- Excerpted data:
▬▬▬
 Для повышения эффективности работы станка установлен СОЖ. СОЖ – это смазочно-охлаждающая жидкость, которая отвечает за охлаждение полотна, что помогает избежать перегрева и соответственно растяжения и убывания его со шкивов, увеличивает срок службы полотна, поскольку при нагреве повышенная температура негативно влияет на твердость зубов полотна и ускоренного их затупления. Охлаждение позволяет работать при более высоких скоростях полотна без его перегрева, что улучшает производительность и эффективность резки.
▬▬▬
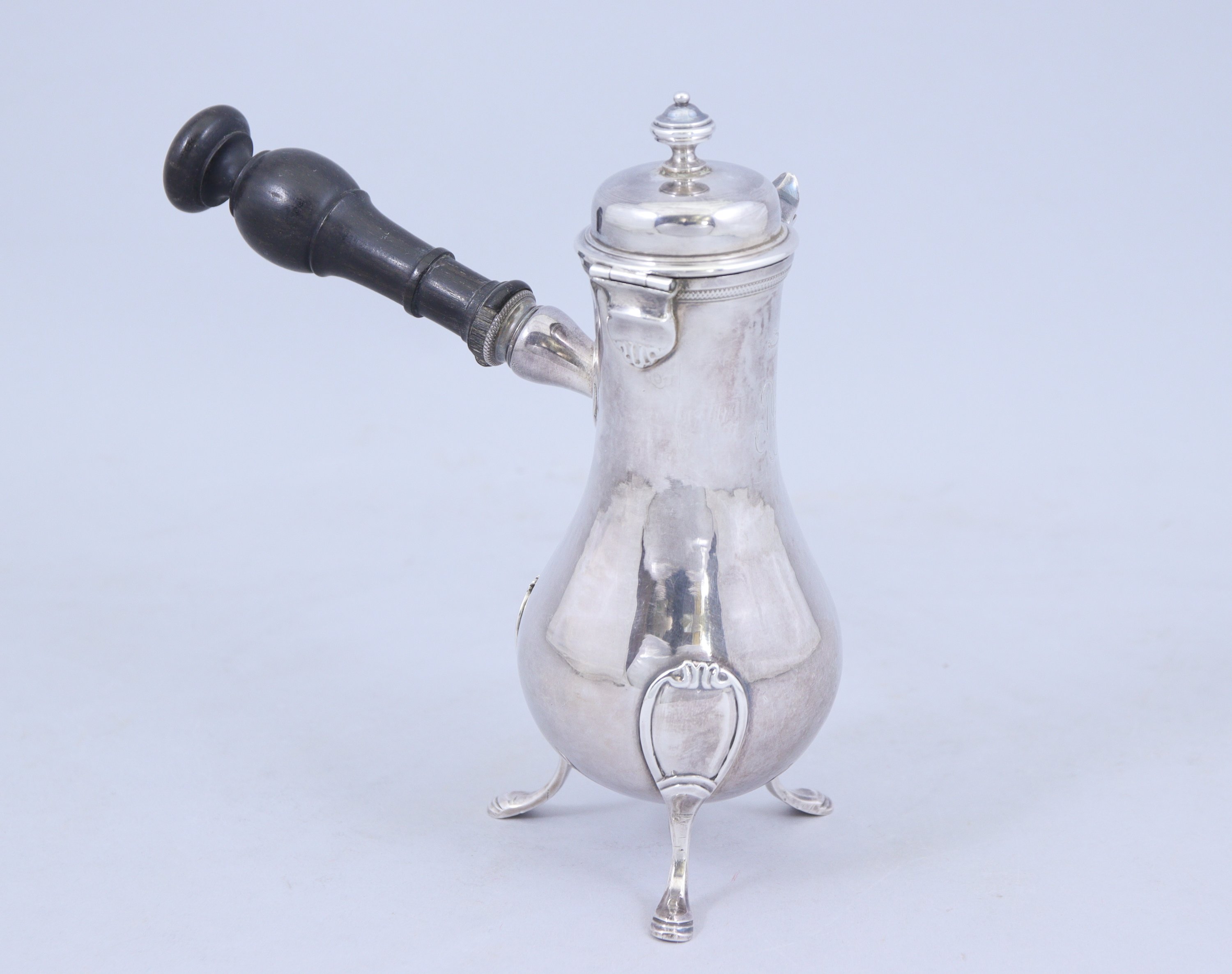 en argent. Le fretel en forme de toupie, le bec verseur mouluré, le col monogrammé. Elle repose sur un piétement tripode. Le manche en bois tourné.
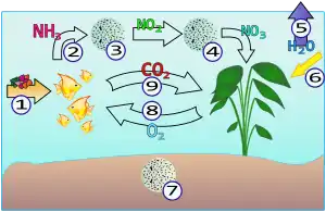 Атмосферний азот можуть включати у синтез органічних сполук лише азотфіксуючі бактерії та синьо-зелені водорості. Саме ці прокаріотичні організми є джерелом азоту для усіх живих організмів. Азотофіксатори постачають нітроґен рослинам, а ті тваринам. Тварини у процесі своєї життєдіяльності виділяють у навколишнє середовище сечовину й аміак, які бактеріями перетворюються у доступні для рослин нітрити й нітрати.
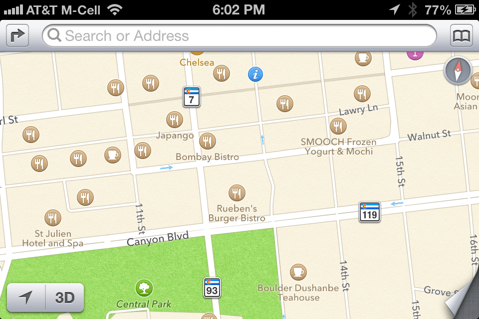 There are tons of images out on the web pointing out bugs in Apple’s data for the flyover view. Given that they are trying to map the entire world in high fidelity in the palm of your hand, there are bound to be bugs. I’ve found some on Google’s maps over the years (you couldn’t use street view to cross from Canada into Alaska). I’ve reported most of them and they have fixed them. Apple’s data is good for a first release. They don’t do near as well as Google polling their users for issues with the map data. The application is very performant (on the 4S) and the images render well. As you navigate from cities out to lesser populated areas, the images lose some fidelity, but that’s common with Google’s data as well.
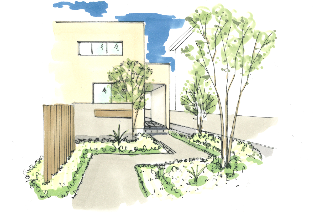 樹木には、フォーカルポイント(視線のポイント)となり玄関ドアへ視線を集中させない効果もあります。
▬▬▬
- Task statement: Look above for the line containing "There are tons", then copy exactly from it through the line containing "樹木には、フォーカルポイント", keeping both and leaving out pictures. Add nothing else.

- Answer below:
 There are tons of images out on the web pointing out bugs in Apple’s data for the flyover view. Given that they are trying to map the entire world in high fidelity in the palm of your hand, there are bound to be bugs. I’ve found some on Google’s maps over the years (you couldn’t use street view to cross from Canada into Alaska). I’ve reported most of them and they have fixed them. Apple’s data is good for a first release. They don’t do near as well as Google polling their users for issues with the map data. The application is very performant (on the 4S) and the images render well. As you navigate from cities out to lesser populated areas, the images lose some fidelity, but that’s common with Google’s data as well.
 樹木には、フォーカルポイント(視線のポイント)となり玄関ドアへ視線を集中させない効果もあります。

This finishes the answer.